How to find the greatest common divisor (c++)

How to find the greatest common divisor (c++)

When seeking the maximum convention, there are many code implementations, such as the rolling and dividing method. In addition, a better understanding method is recommended here.

The following is the code implementation:

#include<iostream>
using namespace std;
int gcd(int a,int b)
{
    
    
    if(b==0)
    {
    
    
        return a;
    }
    else
    {
    
    
        return gcd(b,a%b);
    }
}
int main()
{
    
    
    int m,n;
    cin>>n>>m;
    cout<<gcd(n,m);//在devc++中有__gcd()函数可以直接调用，但是VS中没有，具体原因可以试着查查
    return 0;
}

/*
devc++中可以直接写成

#include<iostream>
using namespace std;
int main()
{
     int n,m;
     cin>>n>>m;
     cout<<__gcd(n,m)<<endl;
     return 0;
}

//你说代码简单不简单
*/

After reading the above, I don’t understand, but it doesn’t matter, there are more specifics below:

#include<iostream>
using namespace std;
int main()
{
    
    
    int n,m;
    cin>>n>>m;
    while(n!=m)
    {
    
    
        if(m>n)
        {
    
    
            m=m-n;
        }
        else
        {
    
    
           n=n-m;
        }
    }
    cout<<n<<endl;//最后得到的n、m是相等的，所以输出n、m都无所谓   
    return 0;
}

If you still want to find the greatest common multiple, it is even simpler.
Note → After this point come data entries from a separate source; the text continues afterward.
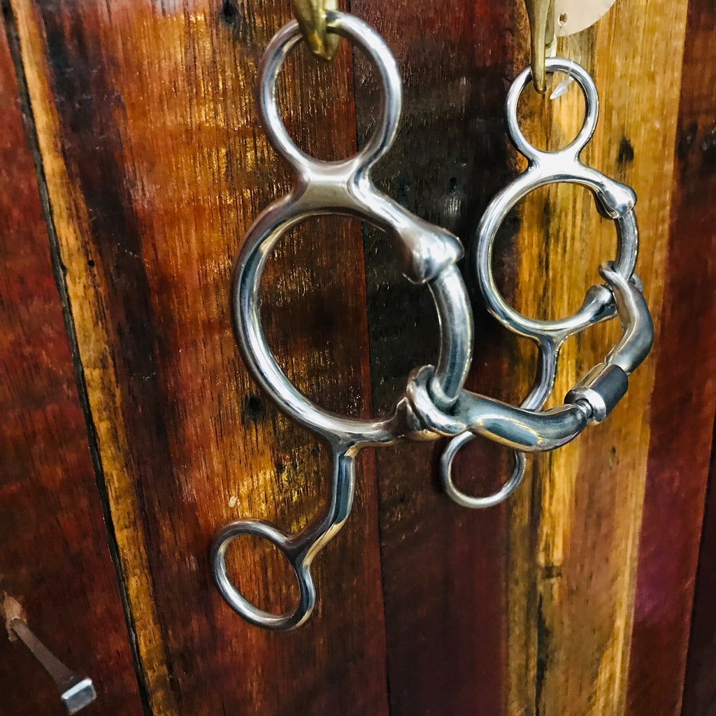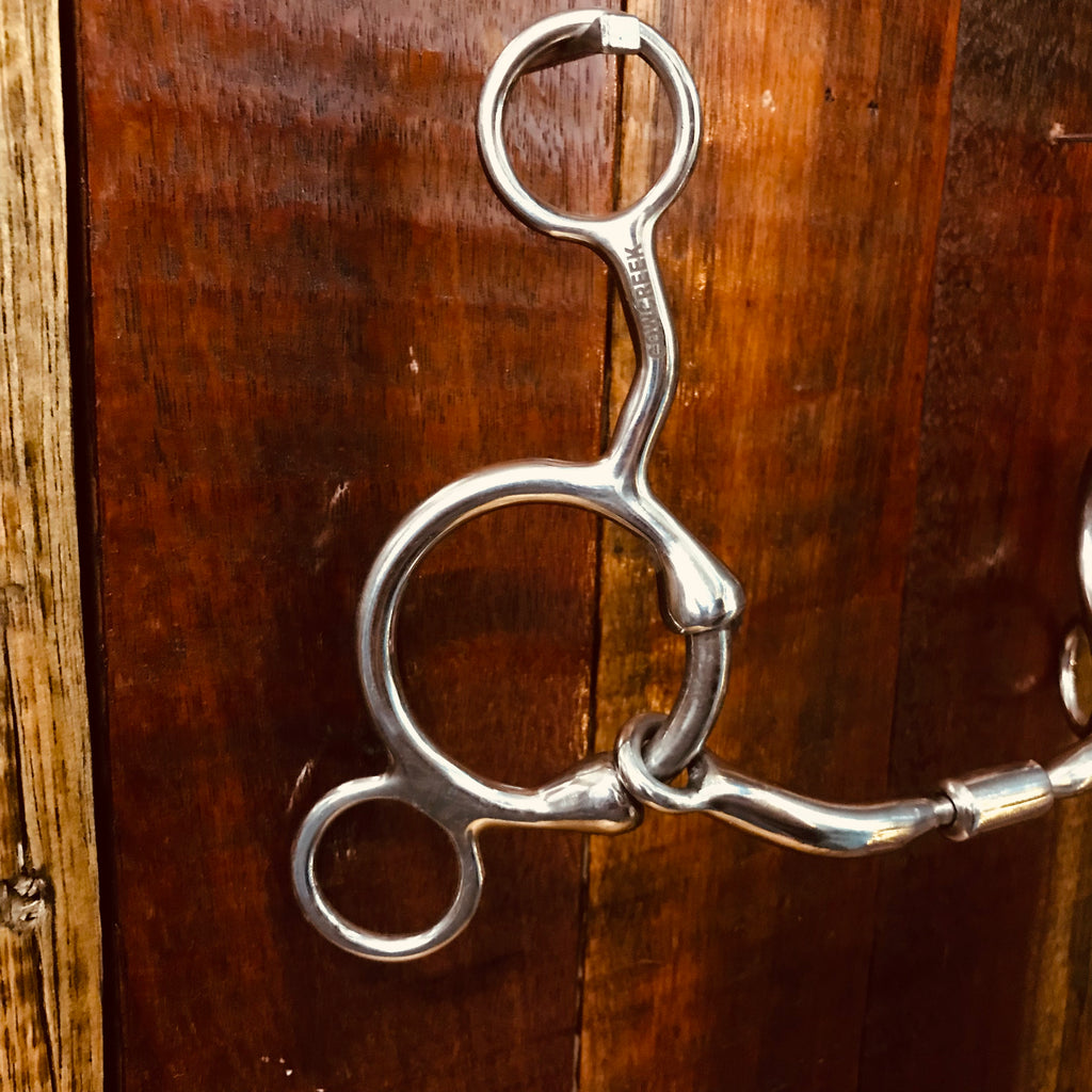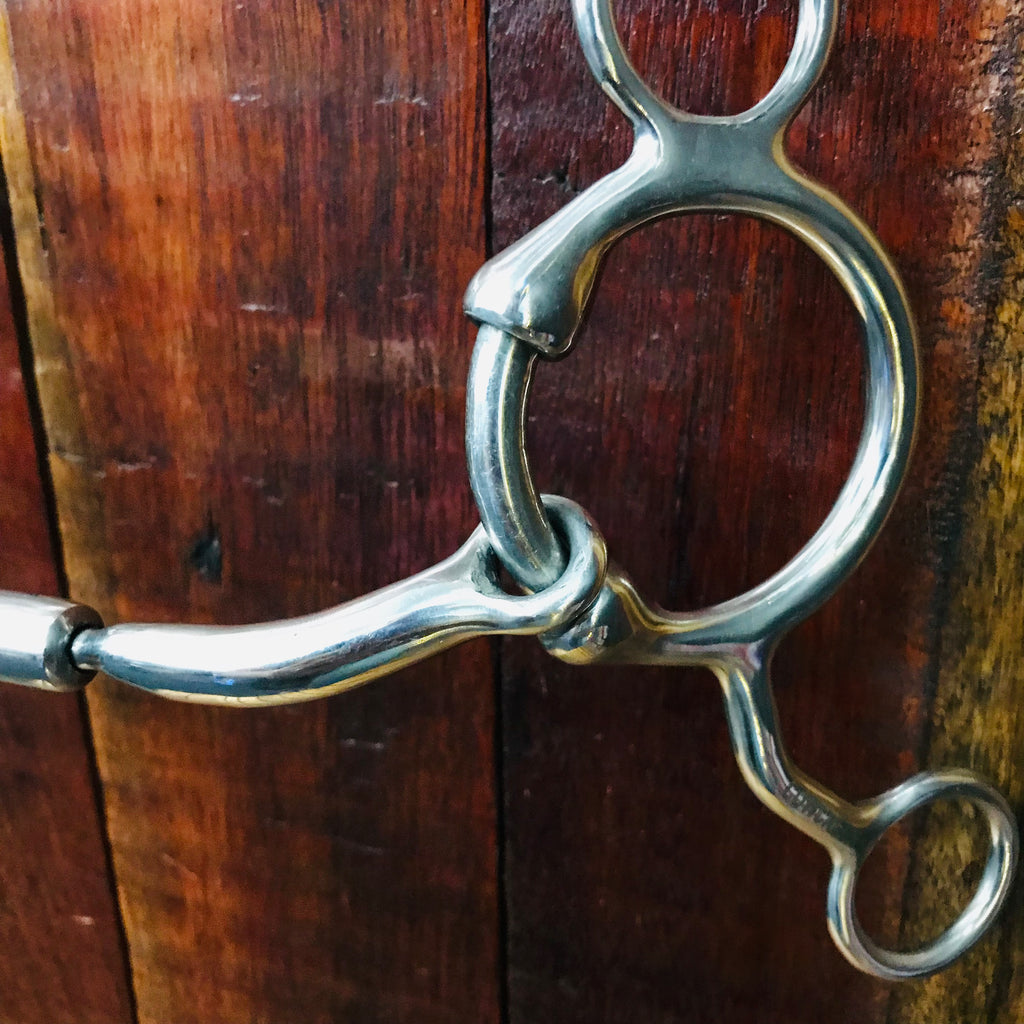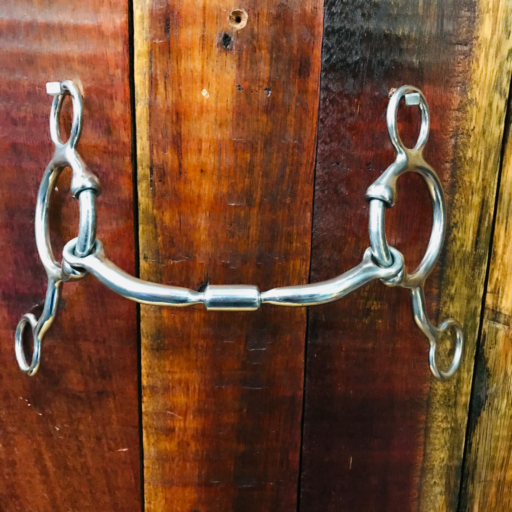 The curved (Myler) mouthpiece and center barrel are made of stainless steel with a twisted copper inlay. The curve allows even pressure distribution across the tongue. The center barrel protects the tongue from being pinched in the center joint. The small amount of copper encourages the horse to relax and salivate, without being too stimulating or distracting.
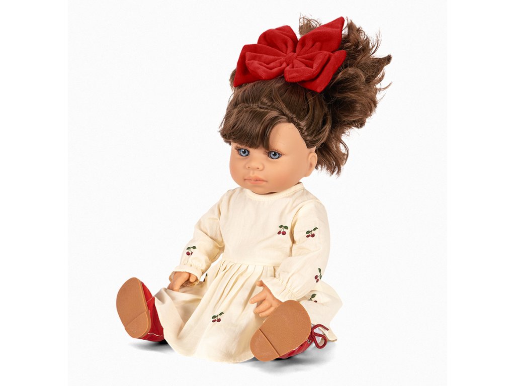 Panenka s pevným vinylovým tělíčkem dánské značky Konges Sloejd oblečená do šatiček ss třešinkami, s velkou sametovou mašlí do vlásků a dokonalými retro botičkami. Odette je oblečená tak, aby zaujala svými šaty a dlouhými vlasy, které jsou ideální pro vyzkoušení různých účesů. Odette bude perfektním dárkem a je dodávána v roztomilém a dekorativním balení.
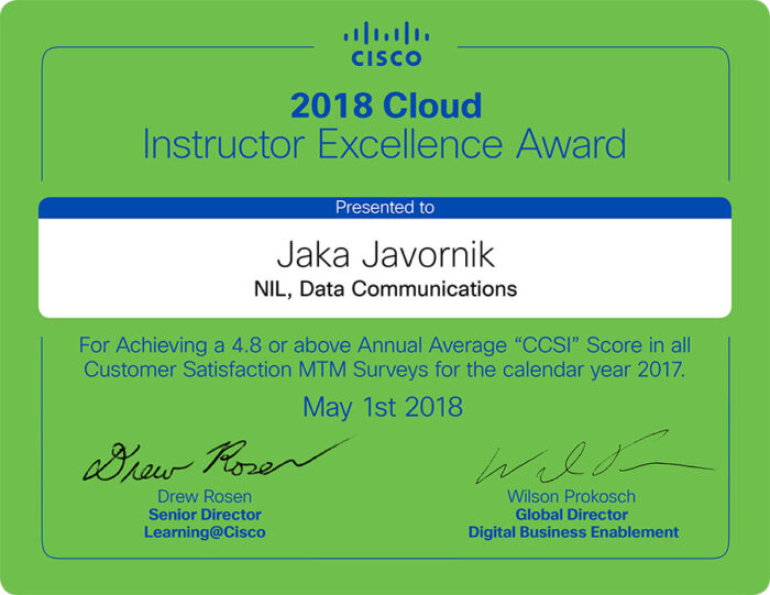 Jaka Javornik je prejel priznanje Cisco Instructor Excellence Award za izvajanje tečajev s področja računalništva v oblaku, Robert Lesar pa za poučevanje zahtevnih izobraževanj Cisco CCIE Routing & Switching.
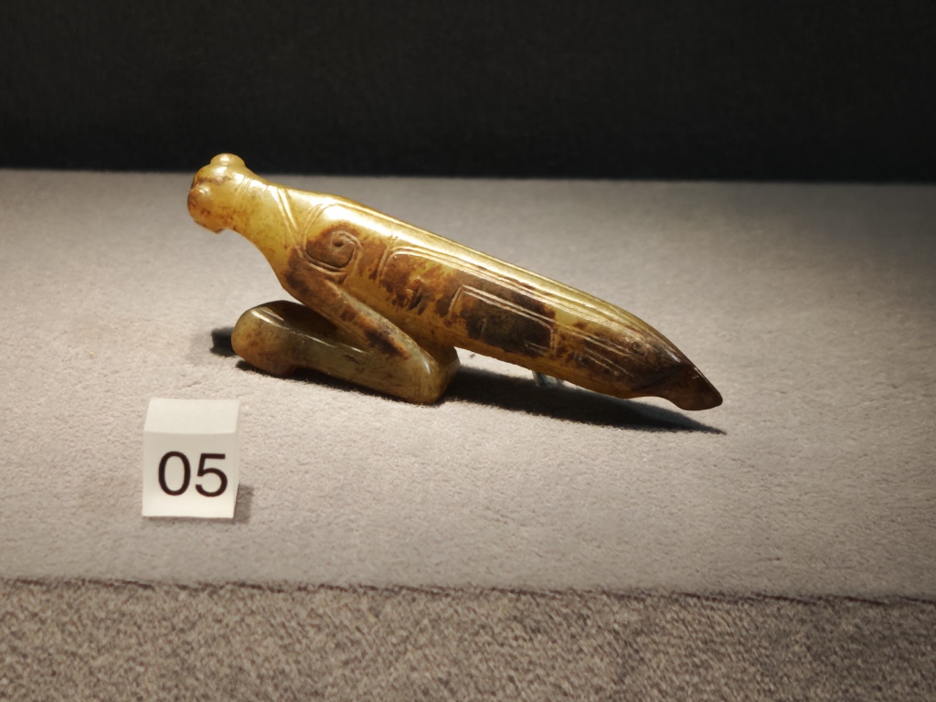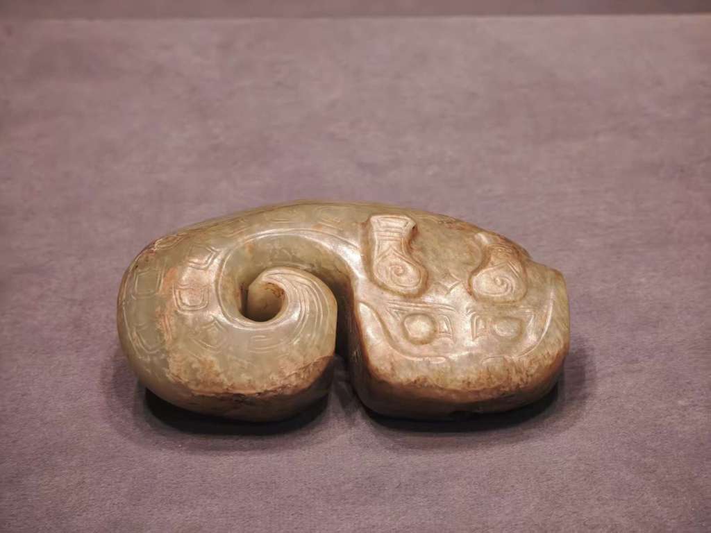 展览中许多文物为首次亮相,如来自兴隆沟遗址的嵌玉玦人头骨,展示“以玉示目”的特殊葬俗的同时,深层揭示了玉文化与原始信仰的早期关联;来自河南安阳殷墟妇好墓、山东滕州前掌大墓地、陕西长安张家坡西周墓地等出土玉器,或模拟动物形象栩栩如生,或作为礼乐文化的象征温柔敦厚。
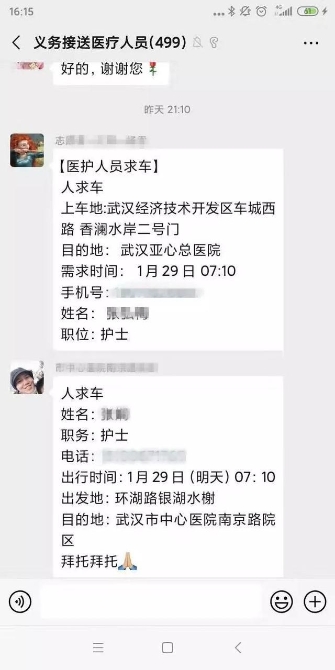 我們的工作流程一般就是,群里醫(yī)護(hù)人員按格式發(fā)布用車信息,車主根據(jù)自己的情況聯(lián)系,群管理人員會定期將還未聯(lián)絡(luò)好的醫(yī)護(hù)人員用車情況在群里廣播。還有些物資需要我們運(yùn)輸?shù)?,也會在群里征召司機(jī)車輛,比如義務(wù)送餐、醫(yī)護(hù)物資等。
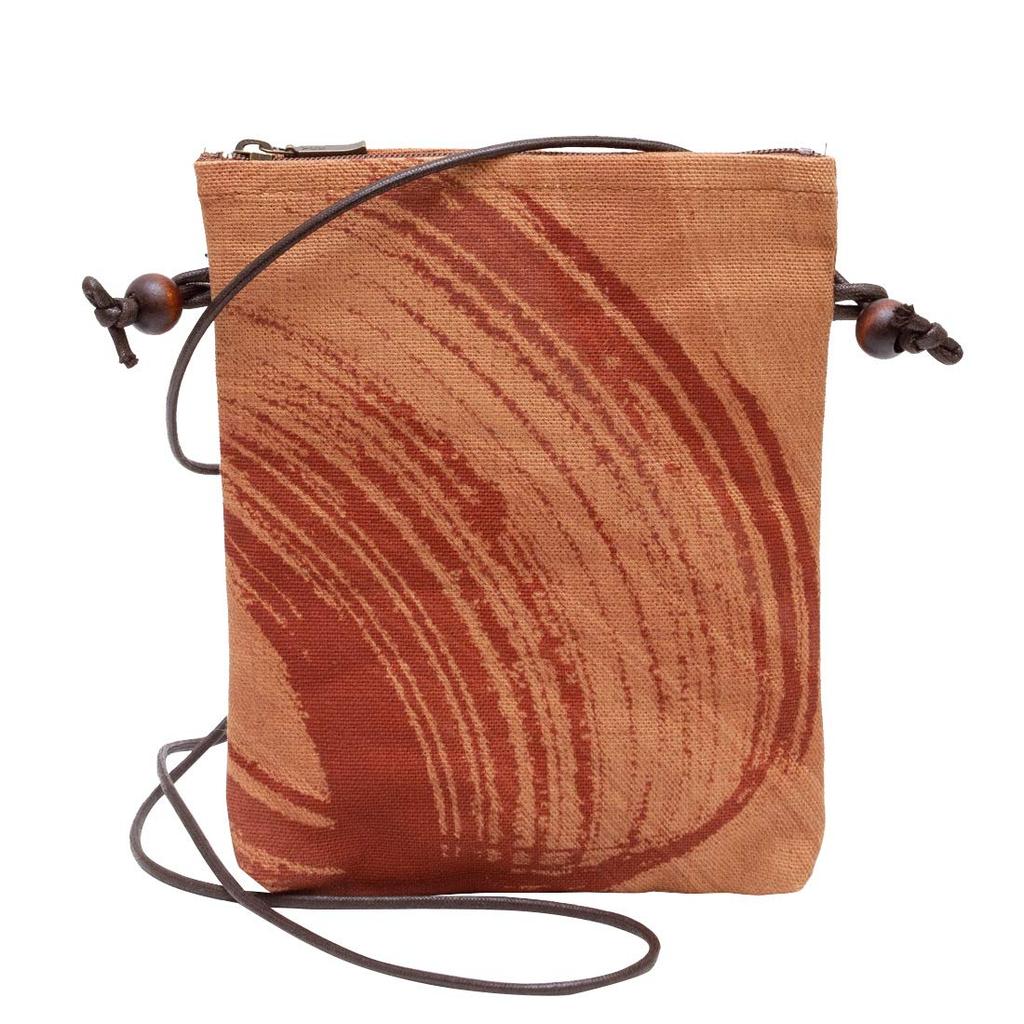 Creare Kiki Women's Small Pouch, Made in Japan, Kimono Style, Persimmon Tannin Dyed Canvas, Lightweight, Kyoto, KS-76, Red Hand-Painted, KS-76b
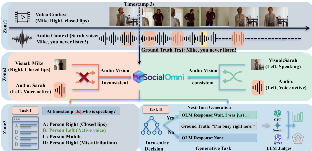 Omni-modal large language models integrate audio, vision, and text to support real-time multimodal conversation where success depends on interaction competence like turn timing and social coherence rather than just factual accuracy. Existing benchmarks focus on static accuracy and fail to assess coherent understanding across multi-turn dialogues. Prior behavior-centric work often isolates single facets without evaluating perception and social appropriateness simultaneously. To close this gap, the authors introduce SocialOmni to evaluate social interactivity across speaker identification, turn timing, and interruption generation. They also propose a dual-axis protocol to decouple perception from generation and design probes to quantify robustness under audio-visual conflicts.
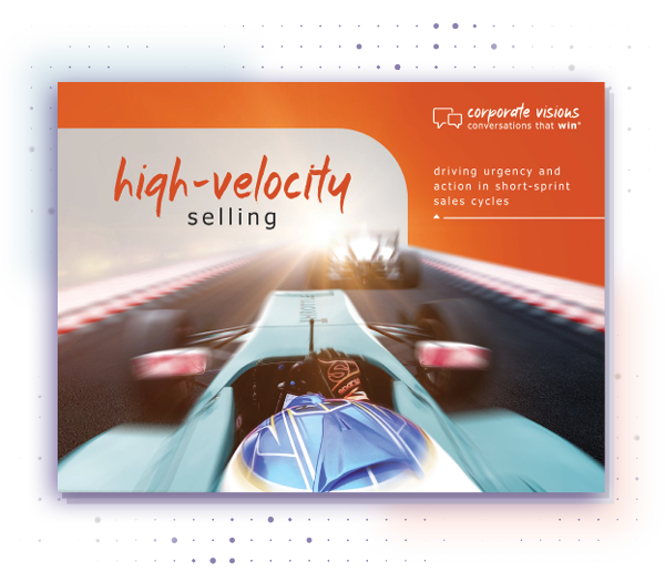 In fast-moving, high-volume sales, sellers need to appeal to the buyer and close the deal in one or two calls. As a result, sellers can get overzealous, pushing and hustling through conversations that require more finesse. These sales happen at a high velocity, but speed doesn’t trump patience and skill. If you don’t take time to understand how your buyers frame value, appeal to their motivations in the moment, and present a differentiated value proposition, you’ll end up becoming just another commodity provider competing on price. How can you accomplish all that in just a few short conversations? In this e-book, you’ll learn research-backed concepts and tactics to motivate buyers to act quickly while fully articulating your value. Get this e-book and discover:
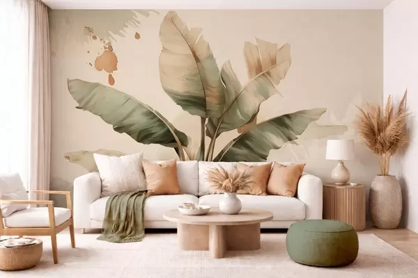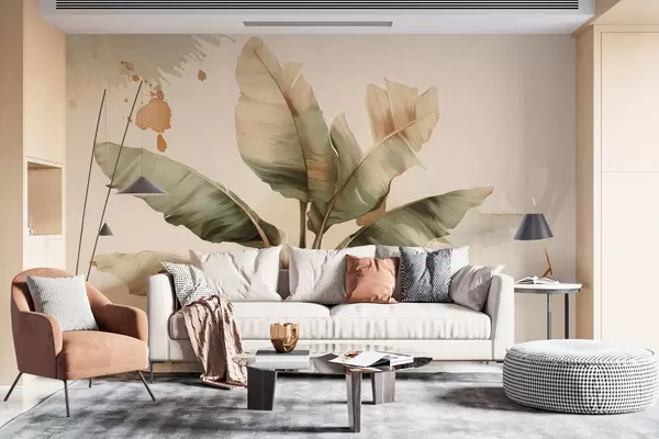 Fotobehang een grote, schilderachtige bos bananenbladeren met spatten in retrostijl N° w05384

In fact, it is: first find the greatest common divisor of m and n, and then divide by the product of two; refer to the previous code;

Code:

#include<iostream>
using namespace std;
int main()
{
    
    
    int n,m,a,b;
    cin>>n>>m;
    a=n,b=m;//对原来的值进行保留
    while(n!=m)
    {
    
    
        if(m>n)
        {
    
    
            m=m-n;
        }
        else
        {
    
    
           n=n-m;
        }
    }
    //重点是下行代码
    cout<<a*b/n<<endl;//为了避免数据溢出可以写成a/n*b  
    return 0;
}

It is the first time to write CDSN, and some things are not done well.